To identify all of the components in an oligonucleotide mixture, deconvolution software is needed to translate signal contributions from all the different ions to the parent mass of the expected oligonucleotide as well as any major contaminants. The raw spectra from Figure 2B were input into the Novatia ProMass deconvolution software to generate the reconstructed mass spectra shown in Figure 2C.
Note that processed ions generate a mass spectrum that corresponds to the expected mass of the full-length 19 mer oligonucleotide. Also note minor components that correspond to low-level sodium adducts of the full-length oligonucleotide as well as a low-level peak corresponding to the expected mass of a depurinated oligonucleotide. While that depurinated oligo peak might possibly be due to an MS artifact, this data demonstrates the necessity of having deconvolution software for analyzing oligonucleotide samples to quantitate the oligonucleotide as well as any low-level metabolites.

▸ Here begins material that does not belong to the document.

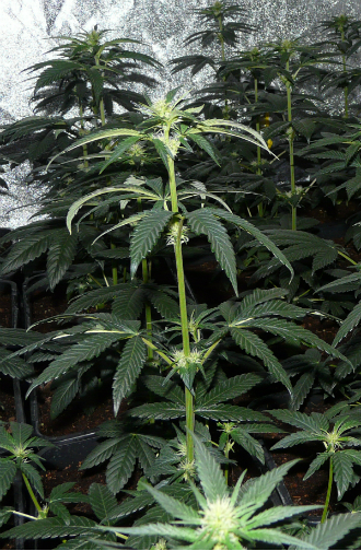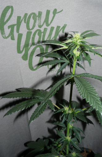 De planten zijn de afgelopen week ook weer een flink stuk gegroeid. Het valt op dat deze soort niet veel vertakkingen aanmaakt en de groei zich vooral concentreert op de hoofdtoppen. Als raketten waarvoor het aftellen begonnen is, prikken ze omhoog in het licht van mijn kweeklamp. Ik verwacht daarom hele dikke hoofdcola’s van toppen aan deze dames. Dat kan bijna niet anders, aangezien de energie van deze planten eigenlijk nergens anders heen kan.

In the drug-development pipeline for oligonucleotide therapeutics, the most recent challenge has been developing robust, high-throughput methods for preparing and analyzing ADME/pharmacokinetic samples. The results shown here demonstrate the suitability of moving to SPE-only protocols using Clarity OTX cartridges as a way of bypassing the manually intensive LLE steps and automating the sample-preparation process.
Multiplexing the process in a 96-well plate format offers the prospect of further increasing throughput. Equally important in obtaining useful LC/MS data for oligonucleotides is using proper chromatography conditions on a high-resolution HPLC column coupled to a sensitive MS system. Finally, having proper bioinformatics to reconstruct MS spectra is crucial to quantitating oligonucleotides and their metabolites from biological samples.